WOW---- This is awesome information. I don't know how you guys find this kind of stuff, but knowing the rules helps tremendously when you want to sidestep those rules. In regard to letter "e" --- I wonder how there could be anyone in a position where they are standing on an all reserved Amtrak train. I could see where there might be some situation where the train could be full I guess. It would be up to the person with the 2 tickets to "fight" for the seats.


----------



## ehbowen (May 27, 2019)

Amtrak does occasionally overbook "All-Reserved" trains. I've been in coach on a train where conductors were seating passengers in the lounge car and asking if they could use your seats when you went to have lunch in the diner.


----------



## SarahZ (May 27, 2019)

How on earth do they determine "obesity caused by a disability" vs. "obesity because you use frosting as a condiment"?


----------



## SarahZ (May 27, 2019)

SarahZ said:


> The seats, while large, don't recline far enough and have little/no back support. I can't rest my head against the window because the jostling and bumping gives me a headache. Luckily, I'm short enough that I can put the footrest up so that it's even with the seat and curl up on the footrest and seat itself. (That's assuming I'm not sitting next to a stranger. On that note, I hate cuddling up with a stranger for 24+ hours.)
> 
> On top of that, it's often too hot (in the winter), too bright, and too noisy. I've worn earplugs with headphones, and it did nothing to block out chatty people, the noise associated with people departing/boarding, snoring, snack wrappers, and crying children.





Gary Behling said:


> I haven't done this for awhile, but I used to buy 2 coach seats. Now--- a bedroom is a must for overnight. But never Poo Poo the idea of buying two coach seats.
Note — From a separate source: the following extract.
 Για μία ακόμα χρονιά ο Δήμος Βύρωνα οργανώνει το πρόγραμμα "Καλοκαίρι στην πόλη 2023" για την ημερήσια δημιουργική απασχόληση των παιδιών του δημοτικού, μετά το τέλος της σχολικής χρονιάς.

Since you quoted my post...

Purchasing two coach seats doesn't fix any of the problems I listed, other than cuddling up with a stranger. The seats are still uncomfortable, and it's still too loud and bright.


----------



## Gary Behling (May 27, 2019)

SarahZ said:


> Since you quoted my post...
> 
> Purchasing two coach seats doesn't fix any of the problems I listed, other than cuddling up with a stranger. The seats are still uncomfortable, and it's still too loud and bright.
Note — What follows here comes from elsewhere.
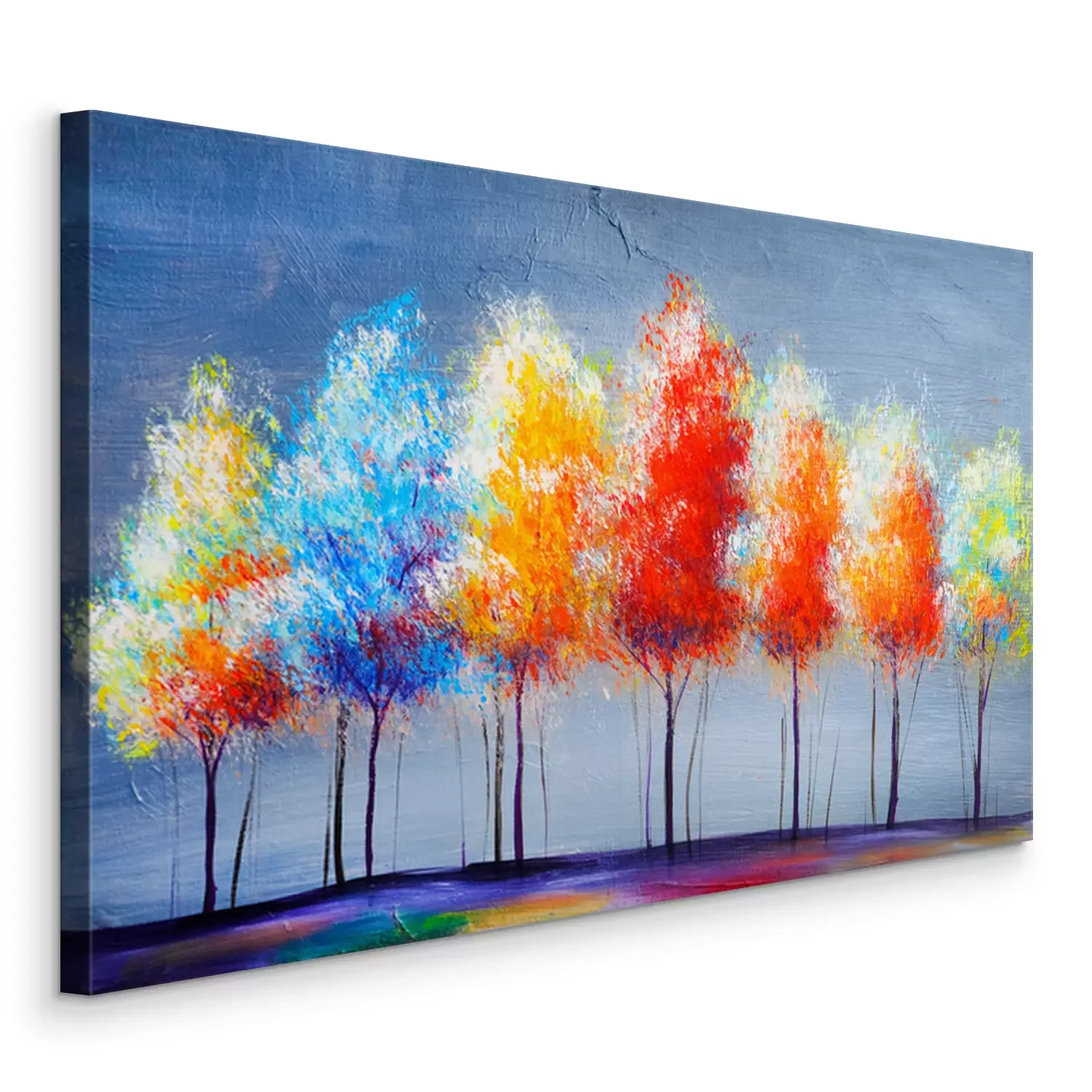 Tableau : Oil painting landscape, abstract colorful gold trees

OK-- Maybe this will help. When traveling anywhere, either by car---plane--- or train, you should always think about how people traveled in the 1800's from Ohio to California. They WALKED. They didn't ride in the wagon and I doubt if they complained about lighting, noise, headaches or comfort. Get real and be thankful for what you DO have.

Hope this helps


----------



## SarahZ (May 27, 2019)

Gary Behling said:


> OK-- Maybe this will help. When traveling anywhere, either by car---plane--- or train, you should always think about how people traveled in the 1800's from Ohio to California. They WALKED. They didn't ride in the wagon and I doubt if they complained about lighting, noise, headaches or comfort. Get real and be thankful for what you DO have.
> 
> Hope this helps










Or, instead of pretending it's the 1800s and I don't have a choice in the matter, I can just book a sleeper ticket or plane ticket. Which I do.


----------



## Gary Behling (May 28, 2019)

Sleeper ticket, of course.


----------



## Rasputin (May 28, 2019)

Gary Behling said:


> OK-- Maybe this will help. When traveling anywhere, either by car---plane--- or train, you should always think about how people traveled in the 1800's from Ohio to California. They WALKED. They didn't ride in the wagon and I doubt if they complained about lighting, noise, headaches or comfort. Get real and be thankful for what you DO have.
> 
> Hope this helps


I have seen letters written by stage passengers in the 1800s. They did complain about the comfort, hours of operation (some stages ran through the night), food and other passengers.


----------



## Gary Behling (May 28, 2019)

Yeah--- I guess The Hateful Eight had something to complain about alright. There ARE always complainers, I guess.


----------



## SarahZ (May 28, 2019)

Gary Behling said:


> Sleeper ticket, of course.


What, exactly, are you trying to say?


----------



## SarahZ (May 28, 2019)

Gary Behling said:


> Yeah--- I guess The Hateful Eight had something to complain about alright. There ARE always complainers, I guess.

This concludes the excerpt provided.